- Born: February 13, 1609 Bishop's Stortford, Hertfordshire, England
- Died: August 19, 1692 (aged 83) Salem, Massachusetts Bay Colony
- Cause of death: Hanging
- Children: George Jacobs Jr.
- Parent(s): George and Priscilla Jacob

= George Jacobs (Salem witch trials) =

English Colonist during the Salem Witch Trials

George Jacobs Sr. (1609–1692) was an English colonist in the Massachusetts Bay Colony who was accused of witchcraft in 1692 during the Salem witch trials in Salem Village, Massachusetts. He was convicted and hanged on August 19, 1692. His son, George Jr., was also accused but evaded arrest.

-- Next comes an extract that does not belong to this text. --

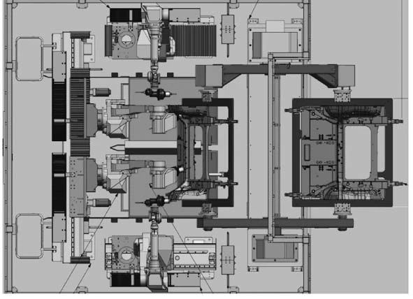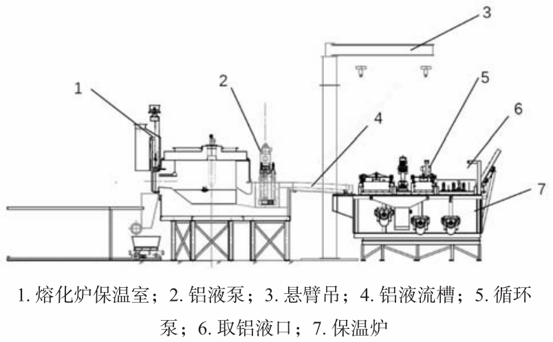 圖4 壓鑄島工藝布局。 2周邊關(guān)鍵設(shè)備設(shè)計(jì) 2.1 熔煉系統(tǒng) 大型一體化壓鑄帶澆注系統(tǒng)質(zhì)量約為82 kg,按90 s節(jié)拍計(jì)算,每小時(shí)鋁液消耗量為3.28 t,為了保證產(chǎn)能的穩(wěn)定性,選擇4 t/h熔化能力的熔化爐。為了保證保溫爐溫度的穩(wěn)定性,選擇10 t保溫爐。如圖5所示,鋁液熔化后,通過(guò)鋁液泵將鋁液運(yùn)輸?shù)奖貭t中,保溫爐下方也通過(guò)透氣磚通入氬氣,讓鋁液中的氫氣溢出,同時(shí)保溫爐也設(shè)計(jì)循環(huán)泵,保證鋁液的密度指數(shù)小于2%。同時(shí)也避免了傳統(tǒng)保溫爐通過(guò)叉車轉(zhuǎn)運(yùn)鋁液,大大降低了勞動(dòng)強(qiáng)度,提升了效率。

Jacobs' accusers included his daughter-in-law and granddaughter, Margaret.

Jacobs was believed to be the George Jacob baptized 13 February 1608/09 at St. Dunstan in the West, London, son of barber-surgeon George Jacob and wife Priscilla of Bishop's Stortford, Hertfordshire.

==Burial==
Jacobs' body was buried near where he was hanged. Tradition stated that he was buried on his farm and the location was forgotten when the farm was abandoned. In the 1950s, the bones were unearthed when developers began to bulldoze the former farm site. The bones were boxed up and passed through the hands of several local historical societies.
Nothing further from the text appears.